13. The tool of any preceding claim, wherein the closing sleeve is configured to be moved relative to the body in at least one direction by a biasing arrangement.
14. The tool of claim 13, wherein the biasing arrangement comprises a spring.
15. The tool of claim 13 or 14, wherein biasing arrangement is configured to utilise fluid pressure.
16. The tool of claim 13, 14 or 15, wherein the biasing arrangement is configured to urge the closing sleeve to the port-closed position.
17. The tool of any preceding claim, wherein the isolation member comprises an isolation sleeve.
18. The tool of claim 17, wherein the isolation sleeve is configured for location at least partially within the closing sleeve.
19. The tool of claim 17 or 18, wherein the isolation sleeve is configured for sealing engagement with the closing sleeve.
20. The tool of claim 19, wherein the isolation sleeve is configured for sealing engagement with the closing sleeve at least one of above and below a port provided in the closing sleeve.
21. The tool of any of claims 17 to 20, wherein a seal is provided between the isolation sleeve and the closing sleeve.
22. The tool of claim 21 , wherein the seal comprises at least one of a metal-to- metal seal and an elastomer seal.
23. The tool of claim 22, wherein an elastomer seal is mounted on the isolation sleeve.
24. The tool of claim 23, wherein the elastomer seal is provided towards one end of the isolation sleeve.
25. The tool of any of claims 17 to 24, wherein the isolation sleeve is configured to engage a profile provided in the closing sleeve.
26. The tool of claim 25, wherein the closing sleeve profile is a landing profile for an activating device.
27. The tool of any of claims 17 to 26, wherein the isolation sleeve is configured for sealing engagement with the body.
28. The tool of any of claims 17 to 27, wherein the body defines a seal bore for sealing engagement with the isolation sleeve.
29. The tool of claim 28, wherein the body includes a member which defines the seal bore.
30. The tool of claim 28 or 29, wherein the isolation sleeve and the body seal bore are configured such that sealing engagement therebetween is possible at different relative positions of the sleeve and body.
31. The tool of any preceding claim, wherein the isolation member comprises two spaced-apart sealing locations.

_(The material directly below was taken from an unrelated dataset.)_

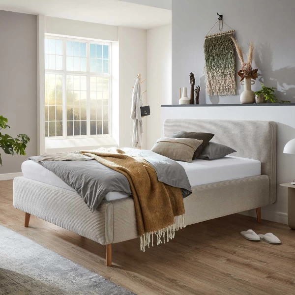 Gestoffeerd Bed Madras 140x200cm Ribfluweel – Beige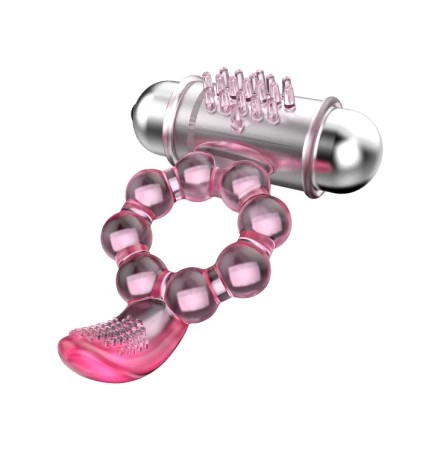 Inel pentru penis prevazut cu striatii ce stimuleaza clitorisul si 7 functii diferite de vibrare.

32. The tool of claim 31 , wherein the sealing locations are configured to provide a seal between the isolation member and at least one of the body and the closing sleeve.
33. The tool of claim 31 or 32, wherein the sealing locations define different diameters so that, in use and with the isolation member deployed, a differential piston effect is achieved, which tends to maintain the isolation member configured to isolate the seal from differential pressure or close the port.
34. The tool of any preceding claim, wherein the isolation member is lockable to isolate the seal from differential pressure.
35. The tool of any preceding claim, wherein the isolation member is configured to be dropped or pumped from surface into the body.
36. The tool of any of claims 1 to 34, wherein the isolation member is mounted in the tool and is deployable to isolate the seal from differential pressure on receipt of an activation signal.
37. The tool of claim 36, wherein the activation signal comprises delivery of an activating device to the tool from surface.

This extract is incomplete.